+++ Source data
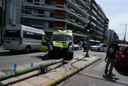 Όπως φαίνεται από τις φωτογραφίες, η σύγκρουση ήταν σφοδρή, με αποτέλεσμα το ασθενοφόρο να υποστεί σοβαρές ζημιές
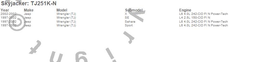 Skyjacker Suspension Lift Kit w/Shock TJ251K-N Features:
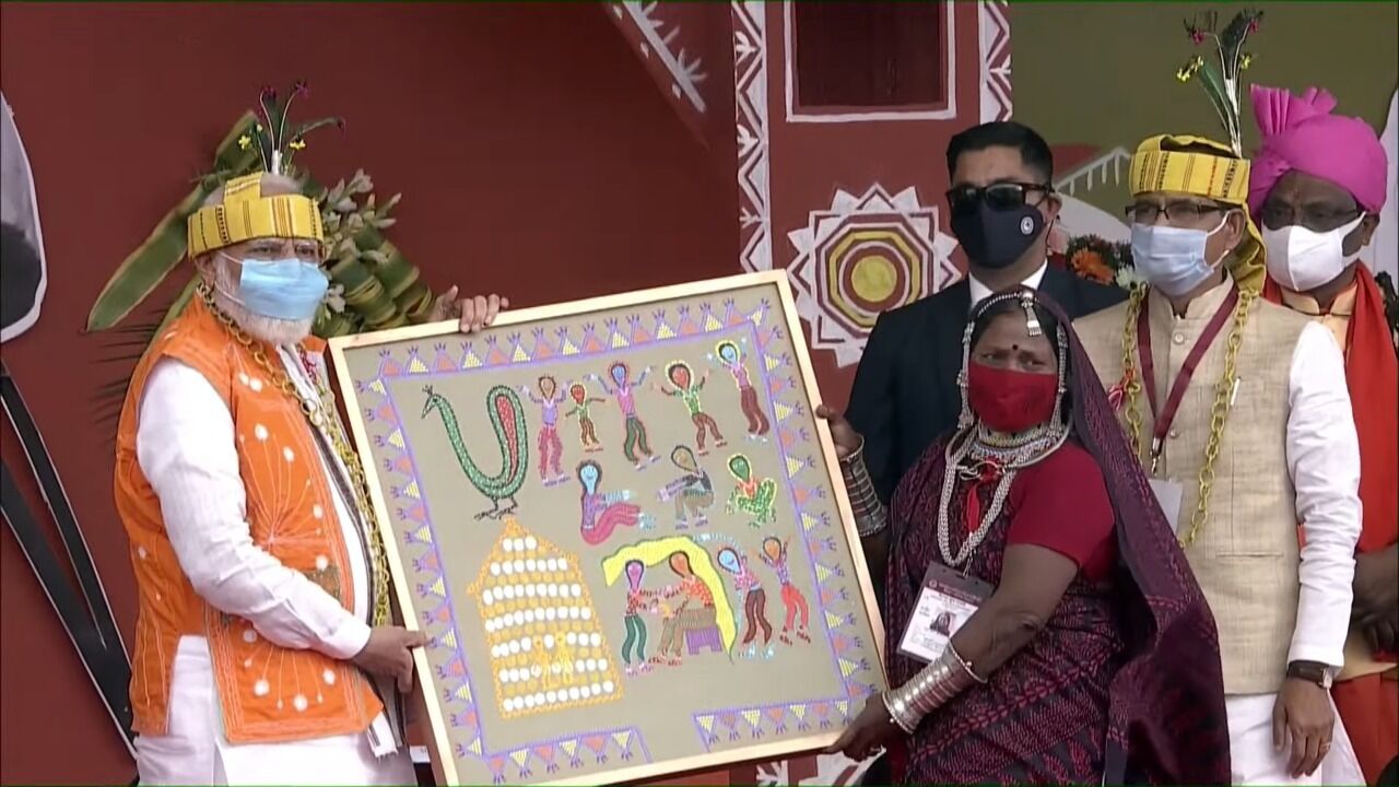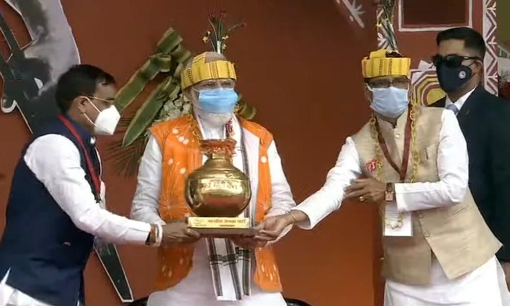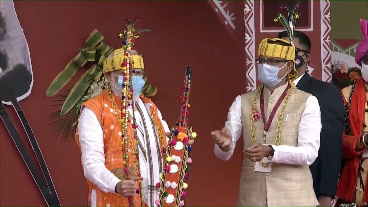 प्रधानमंत्री मोदी के स्वागत में जनजातीय कलाकार पारम्परिक वेशभूषा में लगातार नृत्य की प्रस्तुतियां दे रहे हैं। जम्बूरी मैदान में करीब ढाई लाख से अधिक जनजातीय बंधु मौजूद हैं, जिन्हें प्रधानमंत्री मोदी संबोधित करेंगे। कुछ ही देर में प्रधानमंत्री जनजातीय बंधुओं के लिए विभिन्न जनकल्याणकारी योजनाओं की शुरुआत करेंगे।
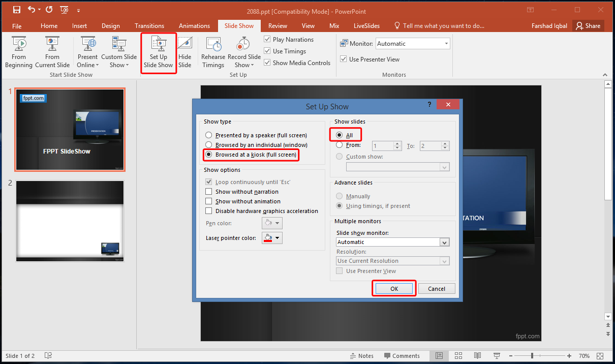 kiosk mode in powerpoint - FPPT
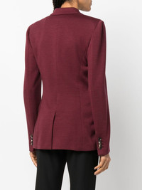 double-breasted wool-blend blazer burgundy merino wool blend notched lapels double-breasted button fastening long sleeves two side flap pockets full lining central rear vent Made in Italy Composition Lining: Polyamide 100%, Viscose 53%, Cupro 47% Outer: Merino 100% SIZE & FIT Model measurements Height 5 ft 10 in(1.78 m) Bust/Chest 33.07 in(84 cm) Hips 36.61 in(93 cm) Waist 24.8 in(63 cm) Measurement CHEST 35.43 in(90 cm) SLEEVE LENGTH 24.8 in(63 cm) LENGTH 28.34 in(72 cm) FittingInformation This piece fits true to size. We recommend you get your regular size Cut for a slim fit Made with a mid-weight fabric
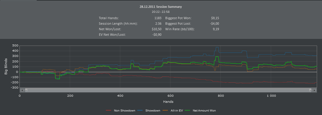 .Раздача, где мне очень сильно повезло. Попросту говоря, доехало !Итак - раздача дня! Тагил рулит! Разруливает Тагил! $0.05/$0.10 No Limit Holdem OnGame 8 Players Hand Conversion Powered by weaktight.com Stacks: UTG HelluvaR1de ($17.16) UTG+1 paulo1969 ($3.83) MP1 GUERRERON01 ($8.14) MP2 User ($11.92) CO Cliff0rd2015 ($10.45) BTN dieter86 x ($10.01) SB mr.pak ($10.67) BB lkasjlkfj ($13.86) Pre-Flop: ($0.15, 8 players) User is MP2 10 J![]() 1 fold, paulo1969 calls $0.10, GUERRERON01 raises to $0.25, User calls $0.25, 1 fold, dieter86 x raises to $1.25, 2 folds, paulo1969 folds, GUERRERON01 folds, User calls $1 Flop: 8 2 8 ($3, 2 players)User checks, dieter86 x bets $2.25, User calls $2.25 Turn: 3 ($7.50, 2 players)User checks, dieter86 x goes all-in $6.51, User calls $6.51 River: K ($20.52, 2 players, 1 all-in)Final Pot: $20.52 User shows FLUSH KING 10 J![]() dieter86 x shows TWO_PAIR ACE, EIGHT A A![]() User wins $19.16 (net +$9.15) paulo1969 lost $0.10 GUERRERON01 lost $0.25 dieter86 x lost $10.01 Да понимаю, кто здесь был , но не мог выпустить оппонента со статами 54/24. Вы уж простите .А вообще - кто что думает? Советуем. Не стесняемся. Буду благодарен. ![]() И последняя на сегодня сессия на Party Poker: Разобрался с конвертацией .Последний раз редактировалось KonAs 30 дек 2011, 03:47, всего редактировалось 2 раз(а).
++++++
What the task asks:
Your reply should be the entries copied exactly, with all images omitted.

Task answer:
 Όπως φαίνεται από τις φωτογραφίες, η σύγκρουση ήταν σφοδρή, με αποτέλεσμα το ασθενοφόρο να υποστεί σοβαρές ζημιές
 Skyjacker Suspension Lift Kit w/Shock TJ251K-N Features:
 प्रधानमंत्री मोदी के स्वागत में जनजातीय कलाकार पारम्परिक वेशभूषा में लगातार नृत्य की प्रस्तुतियां दे रहे हैं। जम्बूरी मैदान में करीब ढाई लाख से अधिक जनजातीय बंधु मौजूद हैं, जिन्हें प्रधानमंत्री मोदी संबोधित करेंगे। कुछ ही देर में प्रधानमंत्री जनजातीय बंधुओं के लिए विभिन्न जनकल्याणकारी योजनाओं की शुरुआत करेंगे।
 kiosk mode in powerpoint - FPPT
 double-breasted wool-blend blazer burgundy merino wool blend notched lapels double-breasted button fastening long sleeves two side flap pockets full lining central rear vent Made in Italy Composition Lining: Polyamide 100%, Viscose 53%, Cupro 47% Outer: Merino 100% SIZE & FIT Model measurements Height 5 ft 10 in(1.78 m) Bust/Chest 33.07 in(84 cm) Hips 36.61 in(93 cm) Waist 24.8 in(63 cm) Measurement CHEST 35.43 in(90 cm) SLEEVE LENGTH 24.8 in(63 cm) LENGTH 28.34 in(72 cm) FittingInformation This piece fits true to size. We recommend you get your regular size Cut for a slim fit Made with a mid-weight fabric
 .Раздача, где мне очень сильно повезло. Попросту говоря, доехало !Итак - раздача дня! Тагил рулит! Разруливает Тагил! $0.05/$0.10 No Limit Holdem OnGame 8 Players Hand Conversion Powered by weaktight.com Stacks: UTG HelluvaR1de ($17.16) UTG+1 paulo1969 ($3.83) MP1 GUERRERON01 ($8.14) MP2 User ($11.92) CO Cliff0rd2015 ($10.45) BTN dieter86 x ($10.01) SB mr.pak ($10.67) BB lkasjlkfj ($13.86) Pre-Flop: ($0.15, 8 players) User is MP2 10 J![]() 1 fold, paulo1969 calls $0.10, GUERRERON01 raises to $0.25, User calls $0.25, 1 fold, dieter86 x raises to $1.25, 2 folds, paulo1969 folds, GUERRERON01 folds, User calls $1 Flop: 8 2 8 ($3, 2 players)User checks, dieter86 x bets $2.25, User calls $2.25 Turn: 3 ($7.50, 2 players)User checks, dieter86 x goes all-in $6.51, User calls $6.51 River: K ($20.52, 2 players, 1 all-in)Final Pot: $20.52 User shows FLUSH KING 10 J![]() dieter86 x shows TWO_PAIR ACE, EIGHT A A![]() User wins $19.16 (net +$9.15) paulo1969 lost $0.10 GUERRERON01 lost $0.25 dieter86 x lost $10.01 Да понимаю, кто здесь был , но не мог выпустить оппонента со статами 54/24. Вы уж простите .А вообще - кто что думает? Советуем. Не стесняемся. Буду благодарен. ![]() И последняя на сегодня сессия на Party Poker: Разобрался с конвертацией .Последний раз редактировалось KonAs 30 дек 2011, 03:47, всего редактировалось 2 раз(а).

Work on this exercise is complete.